§ To do: Output exactly the lines that run from the start of the records to the line with "Men Sandals Breathable", counting both ends, and skip the pictures.

§ The data:
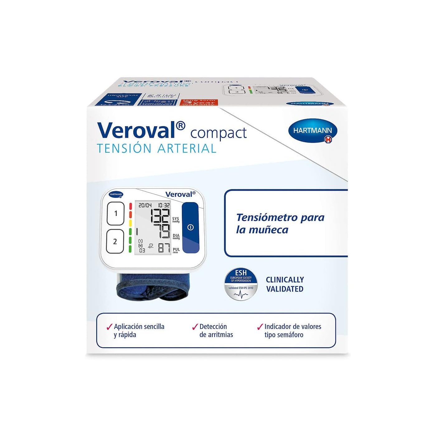Das Veroval Compact Handgelenk-Blutdruckmessgerät bietet genaue, automatische Blutdruck- und Pulsmessungen mit Arrhythmie-Erkennung und Speicher für zwei Benutzer.
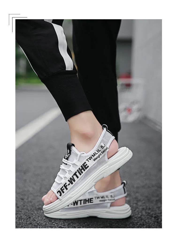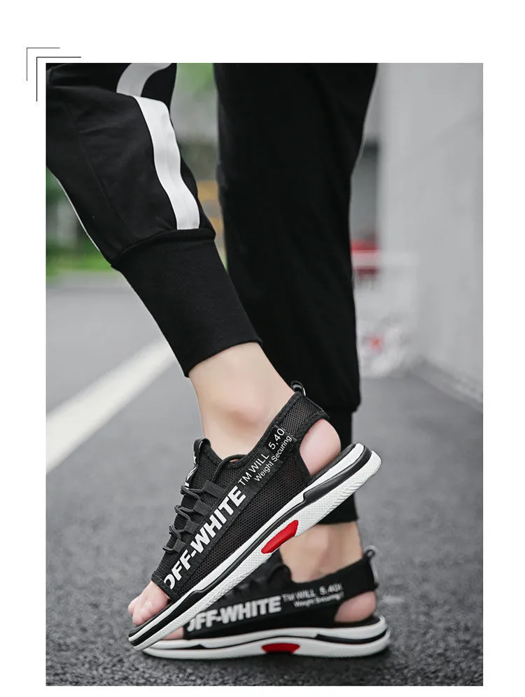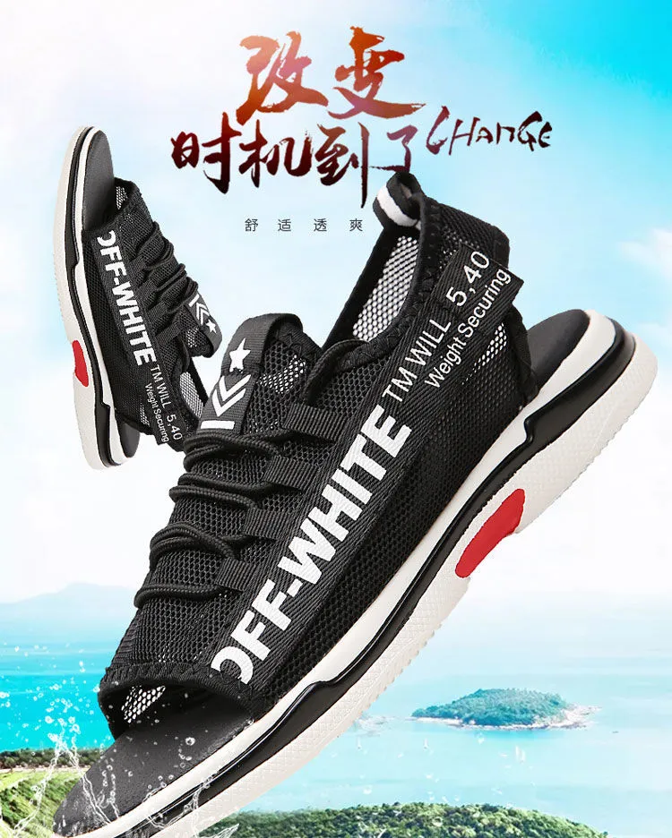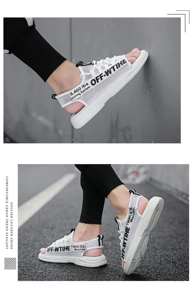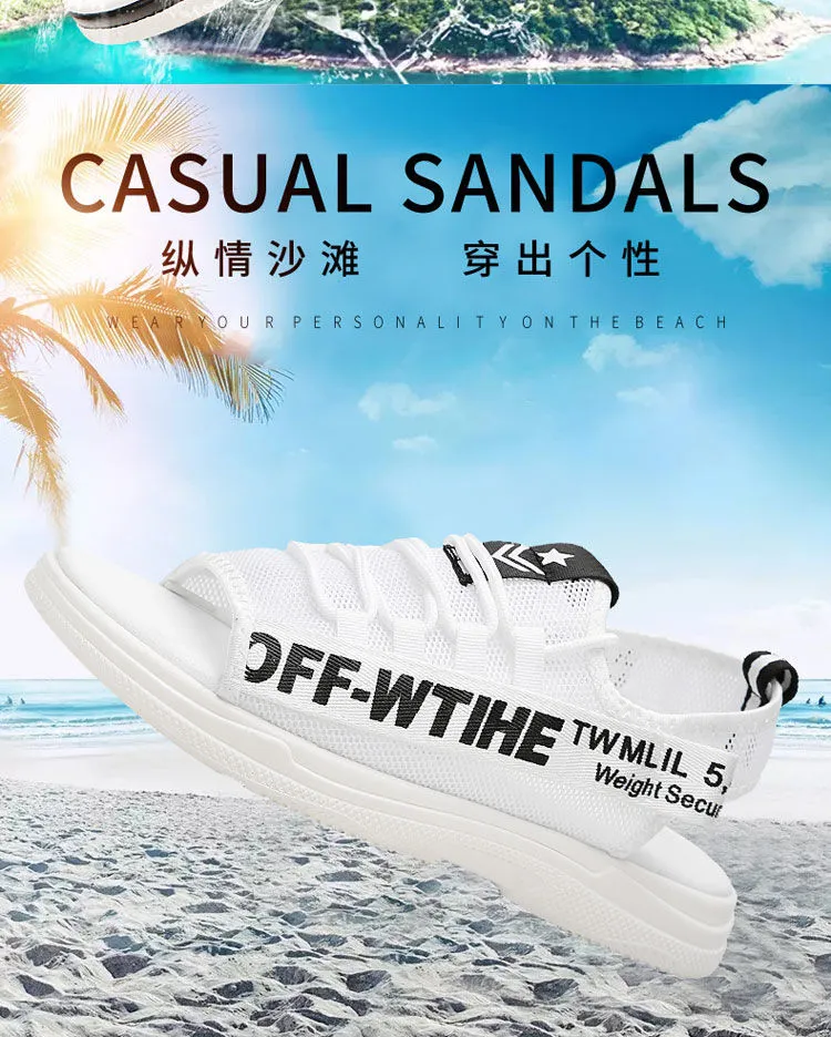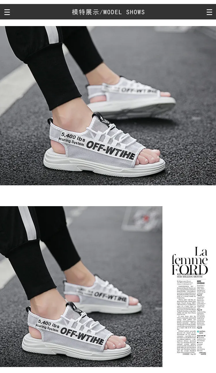 Men Sandals Breathable Shoes Hollow Out Flat Shoes Pull On Sport Outdoor Beach Sandals Shoes Men Roman Shoes Korean Youth Sandals for Men
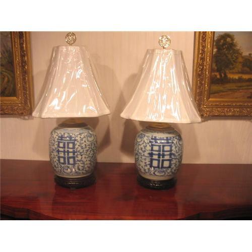 Pair of export Chinese vases converted to lamps, resting on carved wooden bases. These jars have the double happiness symbol typically granted to newly married couples to wish them continued happiness. Silk Shades
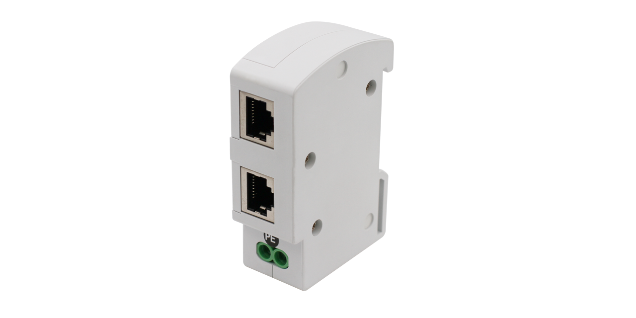 RJ45 Surge Protector, PoE 10/100/1000Mbit. 0,2dB tab. 2,5kA, DIN-montering.
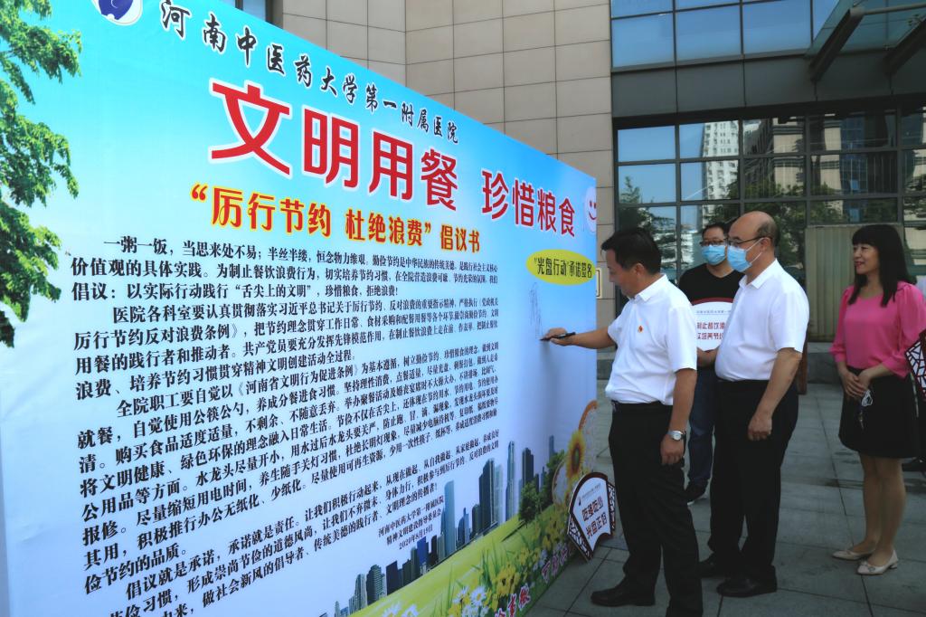 本网讯(文/图 冯超)2020年8月26日,一附院举办“厉行节约 杜绝浪费”倡议活动暨“光盘行动”承诺签名仪式。该活动旨在深入贯彻习近平总书记对制止餐饮浪费行为作出的的重要指示,切实培养节约习惯,在全社会营造浪费可耻、节约为荣的良好风尚。医院党委书记翟剑波,党委副书记、纪委书记段其波,副院长蒋士卿,各党总支党员、职工和志愿者代表参加了活动。
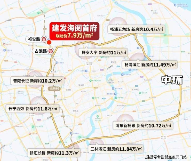 相比之下,联动价仅约7.9万/㎡的桃浦15号线地铁房—— 建发海阅首府,俨然是整个中环肉眼可见的价格洼地!
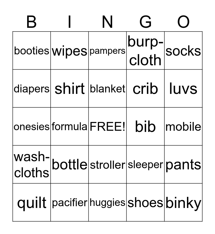 This bingo card has a free space and 24 words: bottle, pacifier, blanket, quilt, socks, booties, diapers, wipes, bib, stroller, crib, onesies, sleeper, pants, shirt, shoes, mobile, pampers, luvs, formula, binky, wash-cloths, burp-cloth and huggies.
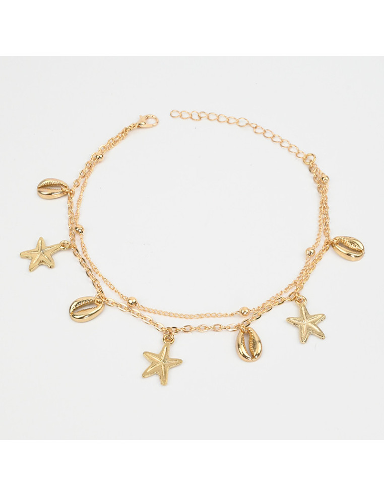 Tobillera de doble caída de cadenas diferenciadas con dijes exclusivos de fundición marinos.

§ Response for this exercise:
Das Veroval Compact Handgelenk-Blutdruckmessgerät bietet genaue, automatische Blutdruck- und Pulsmessungen mit Arrhythmie-Erkennung und Speicher für zwei Benutzer.
 Men Sandals Breathable Shoes Hollow Out Flat Shoes Pull On Sport Outdoor Beach Sandals Shoes Men Roman Shoes Korean Youth Sandals for Men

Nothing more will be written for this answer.